= EXERCISE AIM =
With the pictures left out, write out exactly the lines of the listing below that run from the line with "欧芮儿2018秋装新款显瘦图案印花方领衬衣女打底条纹衬衫女长袖" through the line with "la bază, ştampila".

= DATA RECORDS =
"""
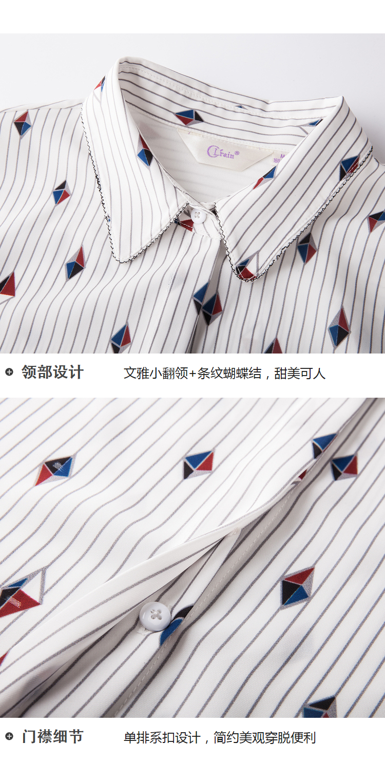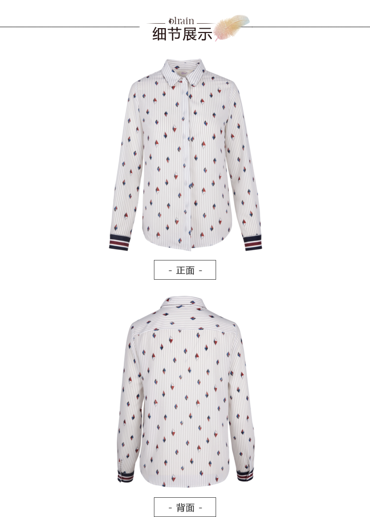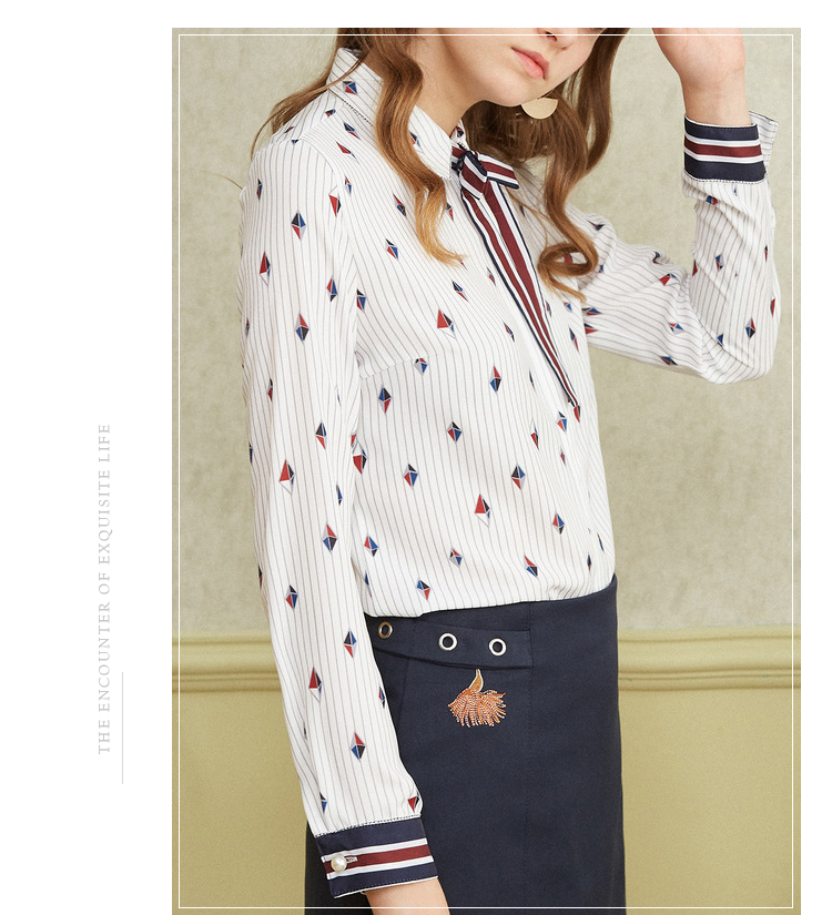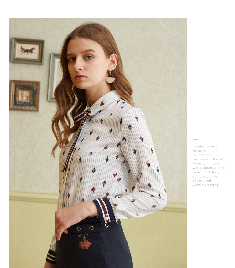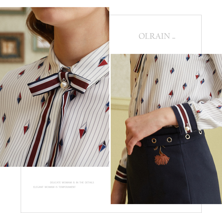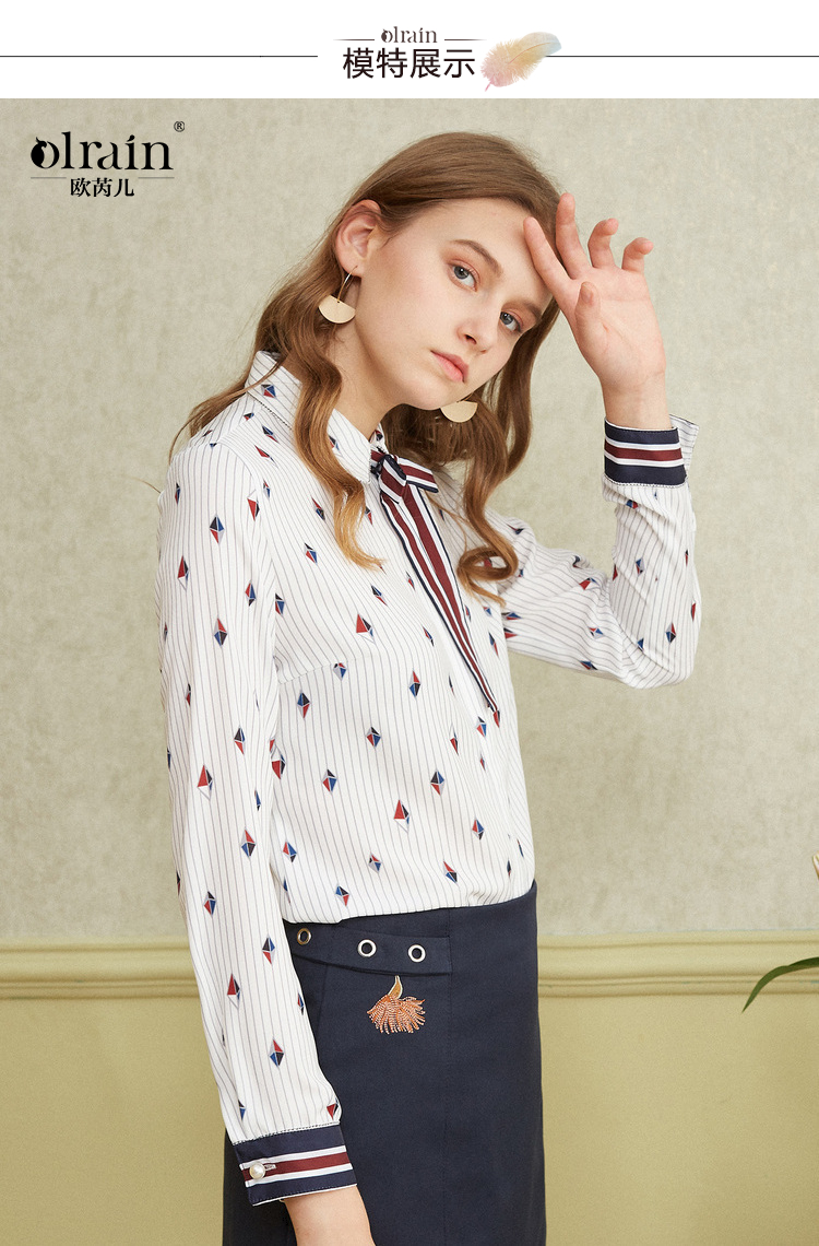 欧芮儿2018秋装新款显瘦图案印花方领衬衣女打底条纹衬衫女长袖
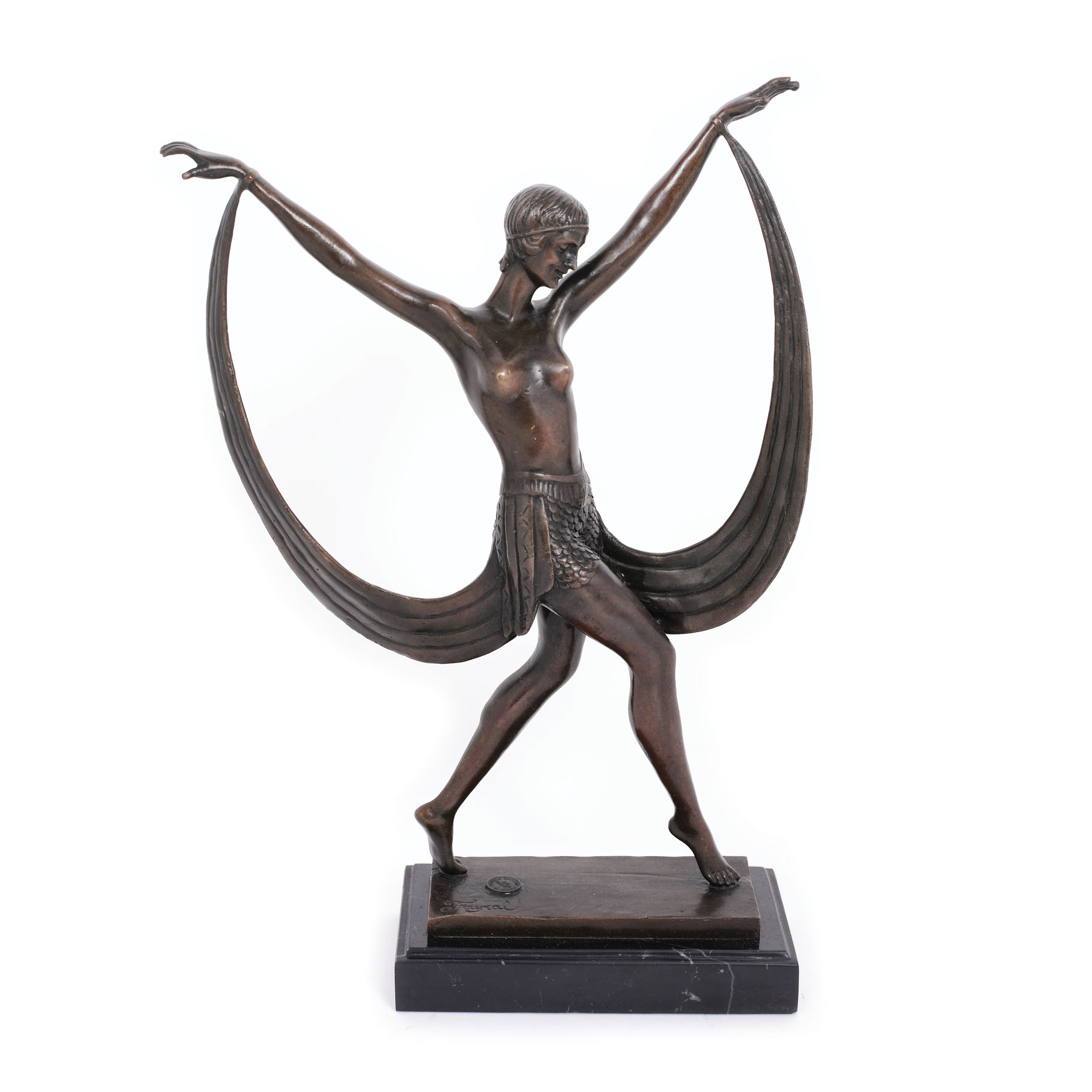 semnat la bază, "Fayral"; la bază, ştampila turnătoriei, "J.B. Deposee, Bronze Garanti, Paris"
"""
"""
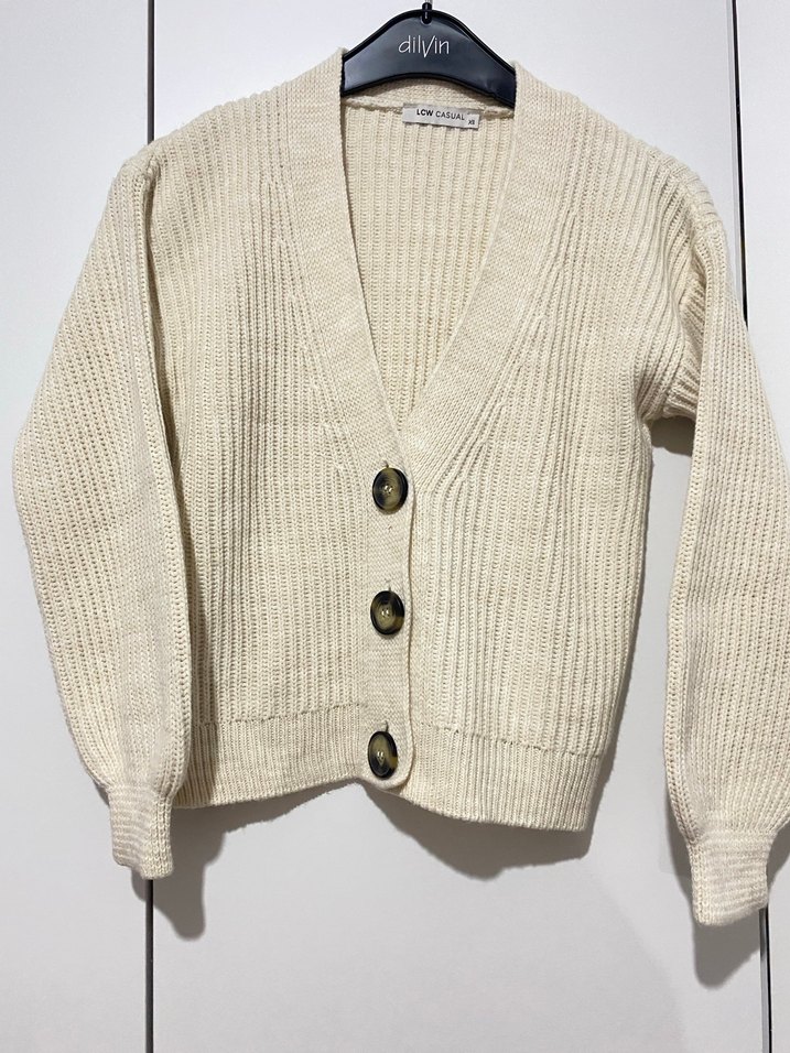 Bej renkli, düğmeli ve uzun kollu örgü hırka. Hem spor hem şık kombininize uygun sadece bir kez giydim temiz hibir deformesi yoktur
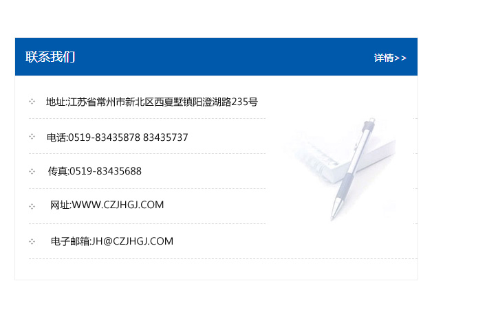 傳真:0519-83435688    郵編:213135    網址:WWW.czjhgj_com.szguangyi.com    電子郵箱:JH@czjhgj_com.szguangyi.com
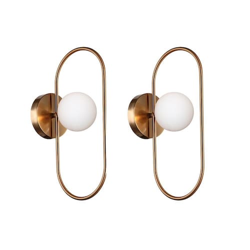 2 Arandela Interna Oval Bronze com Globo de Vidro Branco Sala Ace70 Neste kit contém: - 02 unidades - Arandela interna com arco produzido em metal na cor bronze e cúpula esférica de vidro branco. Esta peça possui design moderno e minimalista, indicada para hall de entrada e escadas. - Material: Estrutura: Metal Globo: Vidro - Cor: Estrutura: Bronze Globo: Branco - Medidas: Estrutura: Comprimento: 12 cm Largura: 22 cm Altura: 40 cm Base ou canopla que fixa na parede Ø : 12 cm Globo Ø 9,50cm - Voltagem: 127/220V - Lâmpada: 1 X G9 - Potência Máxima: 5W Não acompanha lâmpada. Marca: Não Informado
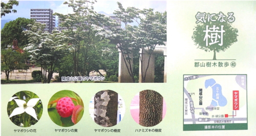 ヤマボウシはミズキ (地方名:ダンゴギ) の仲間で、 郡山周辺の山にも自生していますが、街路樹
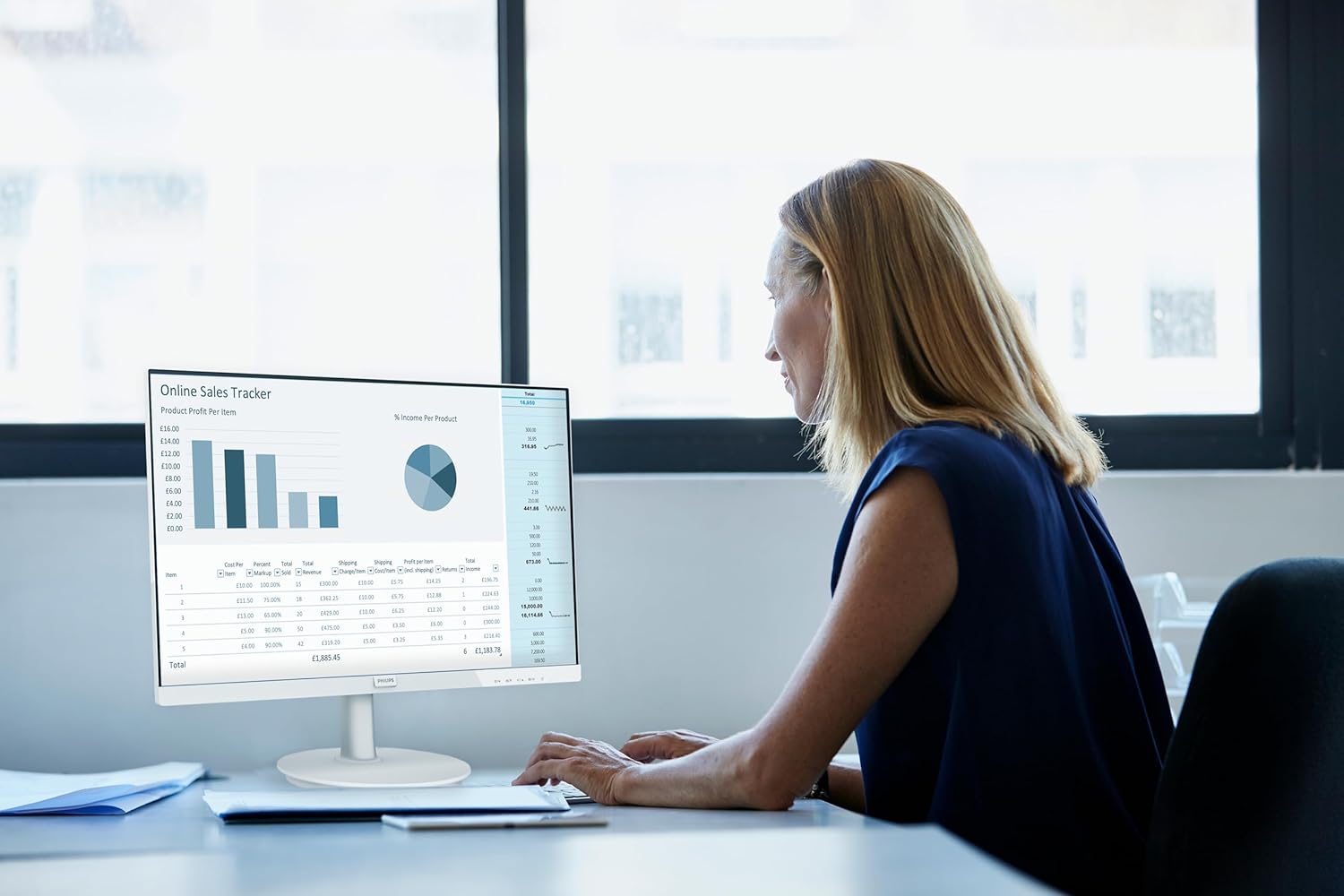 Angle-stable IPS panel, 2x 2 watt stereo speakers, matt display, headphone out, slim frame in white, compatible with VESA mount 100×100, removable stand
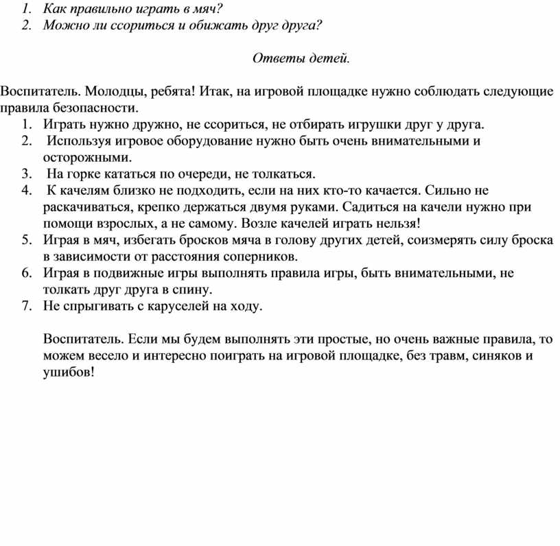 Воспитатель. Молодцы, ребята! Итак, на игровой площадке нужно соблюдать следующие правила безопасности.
"""
= ANSWER AREA =
 欧芮儿2018秋装新款显瘦图案印花方领衬衣女打底条纹衬衫女长袖
 semnat la bază, "Fayral"; la bază, ştampila turnătoriei, "J.B. Deposee, Bronze Garanti, Paris"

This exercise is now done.